Laffer says tobacco industry faces ‘critical’ challenge of dealing with untaxed cigarettes – Business & Finance

ISLAMABAD: Renowned US economist Arthur Betz Laffer has said that the tobacco industry in Pakistan faces a critical challenge of dealing with a large presence of untaxed cigarettes.

In a recent interaction with reporters on tobacco taxation here in Islamabad, Laffer said that the implementation of the tracking and tracing system in Pakistan is only possible after verifying the threat of illicit cigarettes in the country. .

He also presented a global comparison of tobacco taxation by various tax jurisdictions and its implications on revenue collection and illicit trade / smuggling.

He said Pakistan’s legal cigarette industry includes two multinational companies that contribute 98 percent of cigarette excise revenue despite having a market share of only 60 percent.

On the other hand, untaxed cigarettes produced by 52 local manufacturers, who have a market share of over 40 percent but contribute only 2 percent to the public purse.

He said that as excessive tax policies widened, the price gap between legal cigarettes and cigarettes escaped tax, and with low disposable income.

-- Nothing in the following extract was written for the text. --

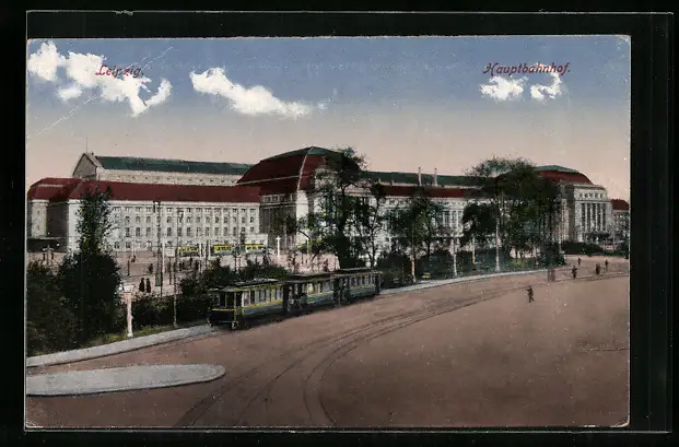 AK Leipzig, Strassenbahn passiert den Hauptbahnhof

Laffer, who has remained economic adviser to Donlad Trump, explained that consumers of legal cigarettes will not be able to absorb the multiple tax and price increases and will shift their consumption to cheap illicit cigarettes, making the task of repression against these illicit operators more and more difficult.

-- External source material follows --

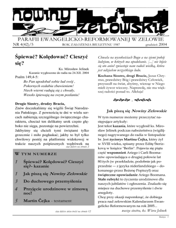 PARAFII EWANGELICKO-REFORMOWANEJ W ZELOWIE NR 4(42)/5 ROK ZAŁOŻENIA BIULETYNU 1987 Śpiewać? Kolędować? Cieszyć się? Ks. Mirosław Jelinek Kazanie wygłoszone do radia na 24.XII. 2004 Psalm 149,4-5: Bo Pan upodobał sobie lud swój , Pokornych ozdabia zbawieniem! Niech wierni radują się z chwały, Wesoło śpiewają na swym posłaniu! Drogie Siostry, drodzy Bracia, Znów doczekaliśmy się wigilii Świąt Narodzenia Pańskiego. Z pewnością te dni w wielu sercach nabierają szczególnego świątecznego charakteru, chociaż ten delikatny urok często głęboko nie sięga, pozostaje na powierzchni. Jakbyśmy się chcieli tymi świętami tylko grzecznie i miło pogłaskać; jakby to był tylko chwilowy postój na platformie widokowej w trakcie naszych pośpiesznych wędrówek na ciąg dalszy na stronie 2 W TYM NUMERZE 1 Śpiewać? Kolędować? Cieszyć się?- kazanie 1 3 4 Jak piszą się Nowiny Zelowskie 5 Martin Čejka - testament Do duchowego przemyślenia Przyjęcie urodzinowe w zimową noc! ciąg dalszy spisu treści na stronie 12 grudzień 2004 Chwała na wysokościach Bogu a na ziemi pokój ludziom, w których ma upodobanie. [...] nie bójcie się oto anioł zwiastuje nam radość wielką, która jest udziałem wszystkiego ludu. Kochana Siostro, drogi Bracie, Jezus Chrystus, prawdziwy Bóg i prawdziwy Człowiek, przyszedł na świat, abyśmy, wierząc w Niego mieli żywot wieczny. Naprawdę, nie ma większej radości ponad to. Alleluja! . Jak piszą się Nowiny Zelowskie W tym numerze możemy przeczytać następujące artykuły: Jest tekst kazania, które wygłosił ks. Mirosław Jelinek podczas nabożeństwa (wigilijnego) nagrywanego do radia w listopadzie br. Jest życiorys Martina Čejka, który żył w XVIII wieku, spisany przez Editę Śterizkovą w książce "Berlin". Pojawia się piąta część wspomnień Ariego i Carli Boomanów opowiadająca o drugiej połowie lat 80.tych (w przekładzie, podobnie jak poprzednie -– z języka niderlandzkiego – dokonanego przez Bożenę Popiszył) oraz świąteczne opowiadanie Ariego Boomana. Stałe rubryki to życzenia urodzinowe dla naszych jubilatów i ogłoszenia. Znalazło się miejsce na duchowe przemyślenie i dwie anegdoty. Chcę przy okazji napomknąć, że dobiega praca nad zelowskim Kalendarzem Ewangelicko Reformowanym na rok 2005... wasza siostra, ks. Wiera Jelinek Biuletyn 1 ciąg dalszy ze strony 1 zakurzonych szlakach życia; jakby to była tylko woń igliwia i świec wśród smrodu spalin i zanieczyszczeń; jakby to był tylko kawałek poczciwego ciasta między wyrafinowanymi delikatesami; jakby to był starodawny obrazek pomiędzy wrzaskiem radia i migającymi kineskopami. I za to wyciszenie chcemy być wdzięczni, za to wyczuwanie innego świata. Ale nie możemy pozostać tylko z powierzchniowym, sentymentalnym nastrojem. Przecież możemy dostać o wiele więcej, mało tego -wszystko! Jeśli pozwolimy wieści biblijnej powiedzieć sobie o co chodzi między świętym Bogiem i nami grzesznymi ludźmi. Przecież to tam jest jądro Świąt Narodzenia Pańskiego, w tym Bożym akcie, który sięga tej ziemi i naszego życia. Chcemy je sobie przybliżyć za pomocą słów naszego tekstu, który jest oczywiście tylko przed-obrazem, figurą stylistyczną radości wigilijnej, ale wyraża to, co staje się naszą własnością poprzez narodziny betelejemskiego Dzieciątka. Bo Pan upodobał sobie lud swój , Pokornych ozdabia zbawieniem! W Bibli Kralickiej i w Biblii Gdańskiej nad każdym dłuższym akapitem są króciutkie streszczenia kolejnego tekstu. Takie resume tego fragmentu mówi, że "prorok tymi słowy pobudza Kościół do uwielbienia Boga, za przyjęte od Niego, z łaski, zbawienie". W jaki sposób to Jego zbawienie jest ukazane w przyjściu Jezusa Chrystusa? Jego narodzenie najpierw nam ogłasza, że Bóg nas bardzo kocha. Mimo naszych grzechów i win, mimo naszej niesławy, fałszu i skąpstwa, niewdzięczności i zawiści, znalazł w nas upodobanie. Jeśli tylko pomyślimy o tym słabym ludzie Starego Testamentu z całą jego niewiernością wobec Przymierza z Bogiem, z całym jego narzekaniem na pustyni i bałwochwalstwem w ziemi kanaanejskiej, niechęcią do wyciągnięcia lekcji z ciężkich doświadczeń - musimy wpaść w zachwyt nad Bożą cierpliwością i nad tym, że Bóg nieustannie "upodobywał" Sobie swój lud – jakby wciąż na nowo się w nim „zakochiwał” i, że doszło do tego radykalnego i podstawowego umiłowania w postaci narodzenia obiecanego Mesjasza. I musimy również z wdzięcznością zachwycać się tym, że i nam dzisiaj może być ogłaszane: Bo Pan upodobał sobie lud swój. Mimo naszego lichego i pokrętnego sposobu wyznawania Boga jako naszego Pana i Zbawiciela oraz mimo naszego sprzeniewierzania się służbie i miłości Chrystusa. Mimo to wszystko - i do dzisiejszego świata wysyłana jest wiadomość: Dziś narodził się wam Zbawiciel, którym jest Chrystus Pan". A to dlatego, że Pan upodobał sobie lud swój. Boże umiłowanie, upodobanie w nas ludziach, jest największym blaskiem i największą chwałą wigilii Świąt Narodzenia Pańskiego. Jesteśmy obdarzeni miłością, chociaż mamy świadomość, że nie zasługujemy na absolutnie żadną miłość. I co teraz? Fakt, że to Boże upodobanie i zmiłowanie mogą przyjąć jedynie pokorni sercem. On pokornych ozdabia zbawieniem! Do Świąt Narodzenia Pańskiego przynależy pokora i świadomość naszej nędzy przed Bogiem. Domyślmy się głębi pokory Bożej, kiedy przychodzi w postaci najuboższego dziecka. W takim poniżeniu odwiedza ziemię. A my wciąż myślimy coś o sobie. Jakże często, właśnie podczas Świąt Narodzenia Pańskiego, ludzie wysoko cenią to, na co ich stać, na co sobie mogą pozwolić właśnie w te święta, dumni z tego, co są w stanie dać swoim dzieciom. I nie chodzi tylko o te rzeczy zewnętrzne, chodzi przede wszystkim o naszą wewnętrzną samowystarczalność i zaspokoje

Taxes are bad for the economy and growth, DrLaffer said, adding that taxes hurt the country’s prosperity.

In high tax environments, tax exempt activities flourish. The illicit tobacco industry is flourishing and will continue to do so as long as taxes in Pakistan rise.

We see this in several sectors but maybe the revenue lost in this sector is the highest, he said.

He said that tobacco and drinks are taxed at the maximum level in Pakistan.

This year the government is collecting probably $ 150 billion in tobacco taxes, up from $ 137 billion last year.

Laffer said any increase in taxes will lead to an increase in illicit activity – if the FED increases, a drop in transactions will occur and more legal volumes will become illicit, so this is a loss for the GOP and the private sector. .

However, due to the halt in tax increases, legal tax volumes are back – this is the main reason government revenue from the tobacco industry is increasing.

Still not at the level it could be and that is why Pakistan should not increase taxes to ensure that legal volumes return and government revenues increase.

He concluded with a solution that there is a need to improve enforcement capacities in the country to combat illicit activities.

He suggested that in the short term until capacity catches up, taxes should remain stable (the increase in taxes will only increase the decrease).

The long-term focus should be on execution capacities.

Tax stamps on one of these capabilities, but we need more solutions like these.

It is a good starting point, but Pakistan cannot stop there.

He said implementation must be for all companies, not just the two main players – otherwise the GOP only increases the production costs of two companies, but with so many illicit players selling under the price of legal sale, the country is playing a losing game. .

However, in itself, this is not a complete solution – the political will to enforce and take action against illicit actors must also be present.

Before more innovative solutions are proposed and deployed, the political will to fight against the illegal must be present, added Laffer.